Available Now – HEAT OF THE MOMENT – a global warming documentary
Heat Of The Moment: Inside Out is a one-hour, news-friendly special report from WBUR’s award-winning Inside Out Documentaries. It comes just as the world prepares for the most important meeting on climate change in a decade, starting on December 7th, in Copenhagen.
This thorough, sound-rich program gives listeners a firsthand sense of the human costs of global warming right now, and a look at the future from the perspective of the world’s leading climate-change experts. The listeners’ experience will be enhanced by the program’s website, http://www.insideout.org, and an accompanying website on climate change produced by the Pulitzer Center on Crisis Reporting, http://www.turninguptheheat.net.
Most people think of climate change as a gradual warming of Earth’s atmosphere. They are wrong in two respects. First, it is not “gradual.” Scientists see Earth’s warming as startlingly rapid in the context of geologic time. Second, there’s much more to climate change than warming. There’s sea level rise, disruptive changes in weather patterns, and intensification of existing weather extremes. To millions of people around the world, these impacts of global warming have already begun, and are becoming increasingly severe.
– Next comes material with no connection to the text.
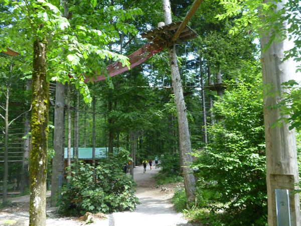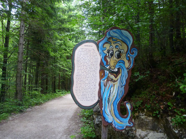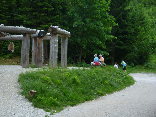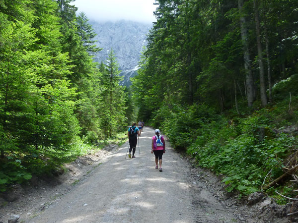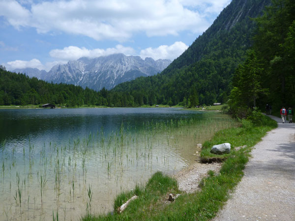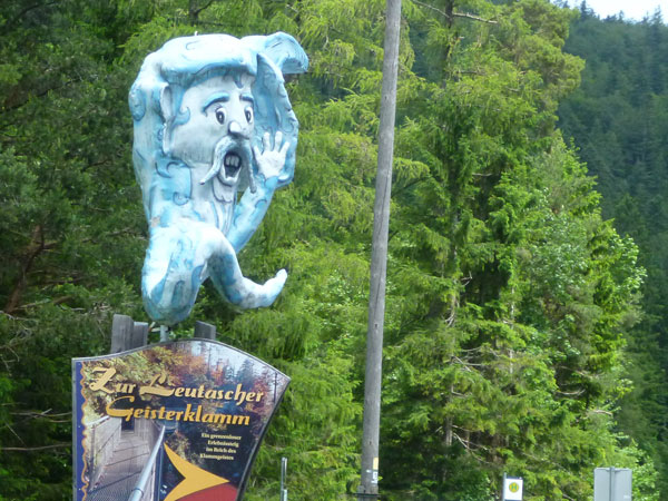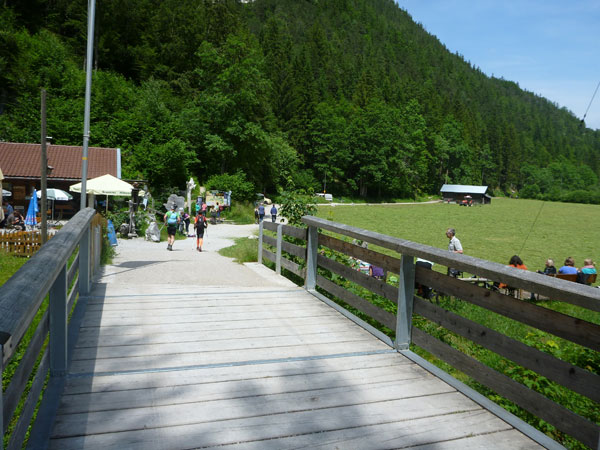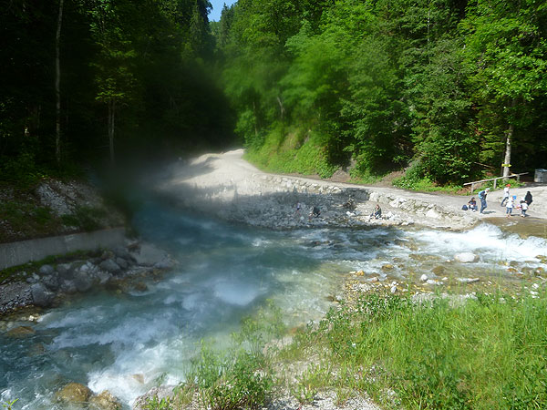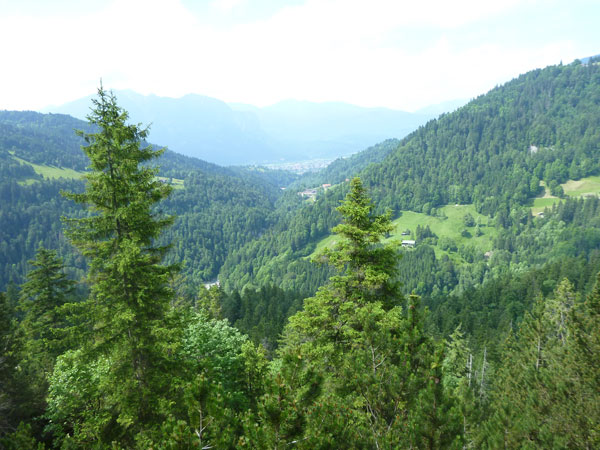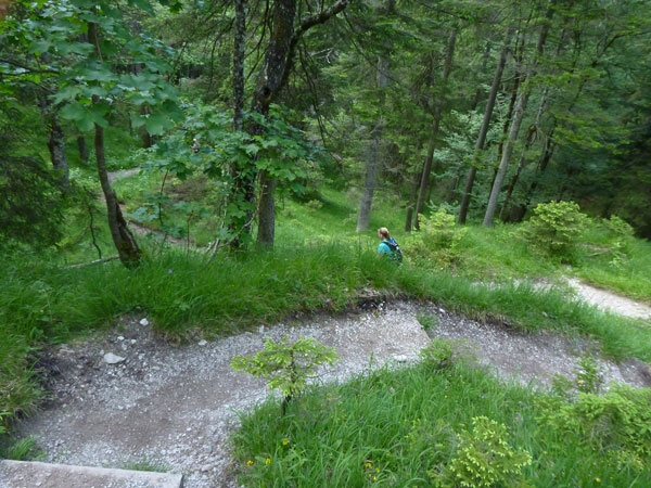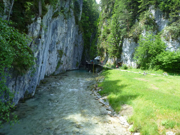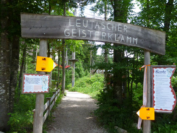 Rechts geht es ab über den Parkplatz in die Klamm. Die Leutaschklamm selbst ist die derzeit längste erschlossene Klamm in den deutschen Alpen. Ein Großteil ist seit 2006 auf modernen Metallstegen in luftiger Höhe begehbar, wir werden aber nur auf den Weg durch die Geisterklamm geschickt, der zwar besser zum Laufen geeignet ist, dafür aber auch recht unspektakulär ist. Breite Wanderwege mit einem deftigen Schlussabstieg führen uns so ans andere Ende.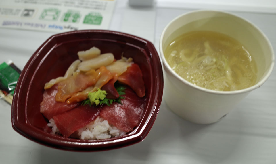 貝とマグロ丼に貝出汁うどんを食べました。とくに貝出汁が美味しかったなあ。

In Heat Of The Moment: Inside Out, science journalist Daniel Grossman takes us to places where the effects of climate change are acutely felt:
- Paris: The August 2003 heat wave killed 40,000 people across Europe. Why did Parisians suffer disproportionately, and what measures are being taken to protect the population in the heat waves to come?
- India & Bangladesh: These low-lying coastlines, home to hundreds of millions, are threatened not only by rising sea levels, but also by more intense storms, flooding, erosion. How can these relatively poor but fast-growing nations cope with loss of habitat and arable land, and confront issues of food security and environmental migration?
- South Africa: Global warming is intensifying drought in this already dry country. What will become of the large number of subsistence farmers as water supplies dwindle? Is there a scientific solution in crops genetically engineered to withstand drought?
Daniel Grossman’s previous Inside Out Documentary, “Meltdown: Inside Out,” received the 2008 Science Journalism award from the American Academy for the Advancement of Science.
[Grossman did] an outstanding job of reporting the science of global warming in ice sheets, mountain glaciers and sea ice. — Mary Knudson, The Johns Hopkins University.